The Spanish education system has six years of primary school (from ages 6 to 12) and four years of compulsory secondary education (from ages 13 to 16). This evaluation could focus on compulsory secondary education for simplicity and because children in this age range are more likely to be removed from school for household tasks or work. Additionally, the evaluation should only occur in AACC where existing regional MIS also impose conditionality on enrolling children in school; otherwise, the observed effect could be confounded by strategic decisions to switch from the national to the regional scheme to circumvent this constraint.

IMV was introduced in June 2020 without requiring beneficiaries to enrol their children in school, unlike some existing regional schemes.
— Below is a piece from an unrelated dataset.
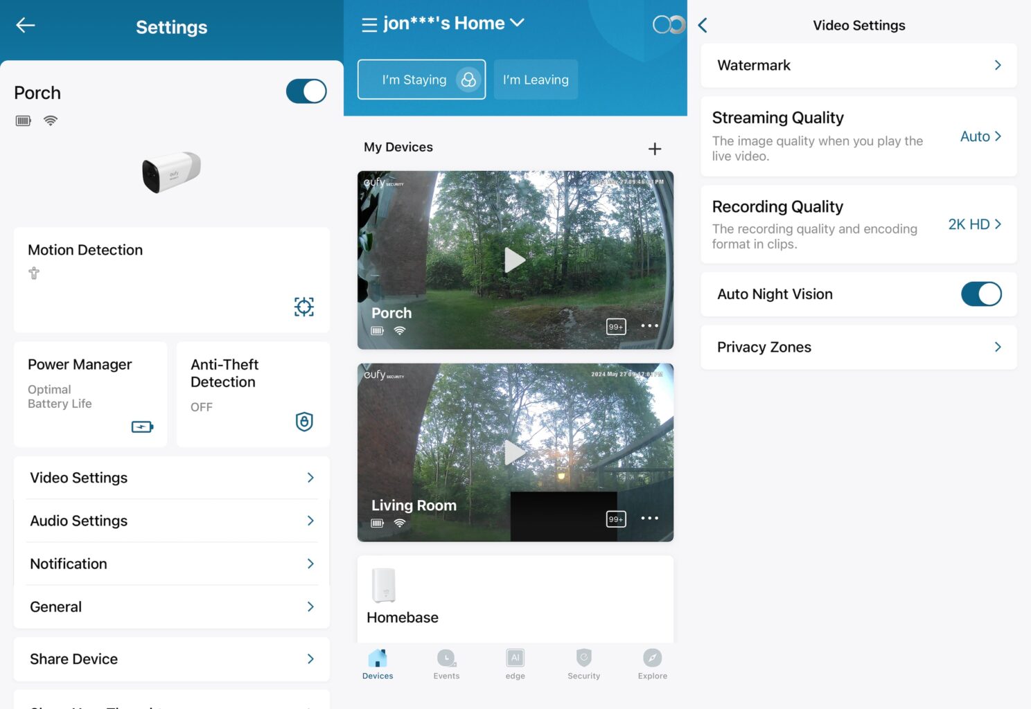 Från appens hemskärm ser man direkt installerade kameror och deras status. Här kan man även sätta dem i hemma- eller bortaläge. Vi gillar också att hubben lätt kan installeras i Apple Homekit, anslutas till Google Home, eller styras med Amazon Alexa. Därmed kan hemma- och bortaläge automatiskt avgöras av geofencing när mobilen lämnar eller anländer till hemmet.

If the hypothetical date for introducing the new conditionality rule is set to June 2024, all children of IMV beneficiaries of the age to enrol in secondary education from 2020 to 20248 (birth cohorts from 2005 to 2011) would not fall under the new compulsory schooling rule for their parents for at least a year. In contrast, all children of IMV beneficiaries starting secondary school from 2024 onwards (birth cohorts starting from 2012) would be subject to the new rule mandating compulsory schooling. These two groups (treatment and control) can be compared to assess the effect of the conditionality through an RDD (refer to Figure ‎5.4 for a practical illustration of the methodology). It is important to highlight that the cohorts impacted by the initial lack of a schooling conditionality rule have different levels of exposure. For instance, children from the birth cohort of 2008 were exposed during their entire secondary education, while the 2005 and 2011 cohorts were only exposed for one year. Therefore, it could be beneficial to explore using a continuous treatment variable rather than a binary one to determine the effect of one additional year of exposure to the conditionality.
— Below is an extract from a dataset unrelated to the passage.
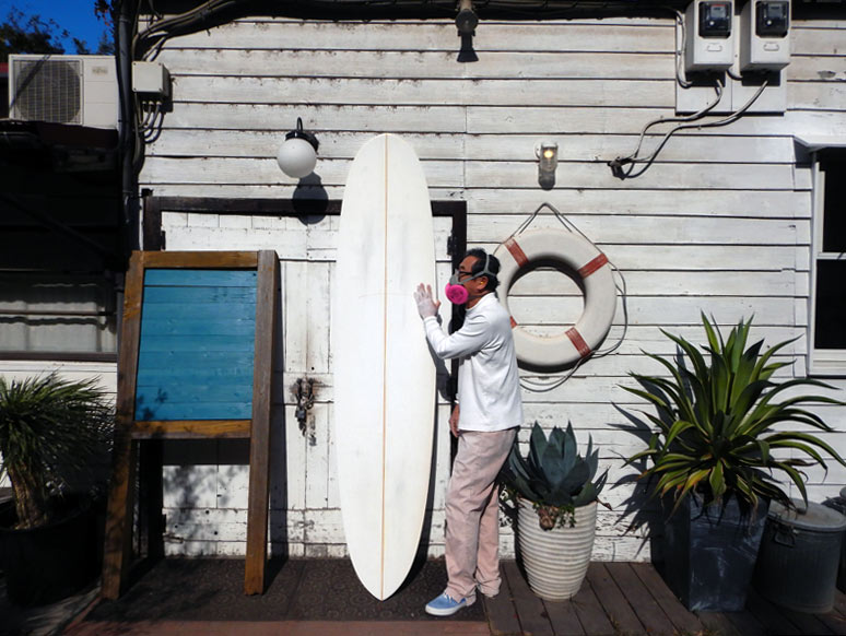 ショップのオープンは2001年。それ以来、ロングボードをベースに、フィッシュ、ボンザー、シングルフィン、ニーボード、パイポとさまざまな種類のサーフボードを作り、試してきました。

In the context of an RDD or other quasi-experimental or observational evaluations, data requirements are more extensive than in experimental evaluations. In fact, these methodologies attempt to approximate an RCT setting under specific assumptions. To test these assumptions and verify the validity of the methodology, it is crucial to gather a significant amount of data.
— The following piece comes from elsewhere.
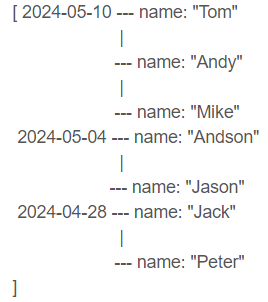 回复 zZZ1Ma: 但我怎么去循环呢,我是想在uniapp页面上第一行显示一个日期,然后下面跟着显示跟这个日期有关的name,然后再显示一个日期,再显示一组跟它有关的name。像你写的这个数据格式,怎么来对应呢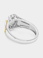 Expertly crafted in 5ct Yellow Gold and Sterling Silver, this opulent ring features an oval cluster of round-cut Earth Grown Diamonds and Created White Sapphires in a halo setting and a broad band enhanced by intricate beading.

The main assumptions in an RDD context are: 1) individuals cannot manipulate the assignment variable; and 2) individuals are equivalent at either side of the cut-off, implying that other variables do not change discontinuously at the cut-off. To assess the plausibility of this assumption, the most common test involves examining whether observed characteristics have identical distributions on either side of the cut-off, meaning no discontinuities should exist in the observables.

Therefore, data on observable characteristics are highly valuable. As detailed in Section 5.1.4, comprehensive socio-demographic and economic characteristics of IMV recipients and their households are collected through registration forms by the INSS. Comparable data could also be obtained from SIUSS, HSU or SISPE sources. Although this information concerns IMV beneficiaries rather than their children directly, it provides ample insight into the children’s environment, resources and living conditions, allowing for testing the absence of discontinuity on observable characteristics and thus for the similarity between treatment and control groups.

However, gathering data on the outcome variables of interest presents more challenges. The data described in Section 5.1.4 allow for evaluating social inclusion programmes and policies on their direct target group. In the case of the conditionality rule for enrolling children in school, the main outcomes of interest concern children, not the IMV beneficiaries. In Spain, education policies are highly decentralised. For example, the Spanish Government determines the general characteristics requirements of tests to ensure national standards, but regional governments are responsible for the final design and implementation. Consequently, no national evaluations exist, and education-related data are collected and stored regionally. To evaluate the conditionality for IMV beneficiaries to enrol their children in school, efforts must be made to link educational (and other) data on children to the data on IMV recipients, which may require co-ordination with the education ministries of regional governments.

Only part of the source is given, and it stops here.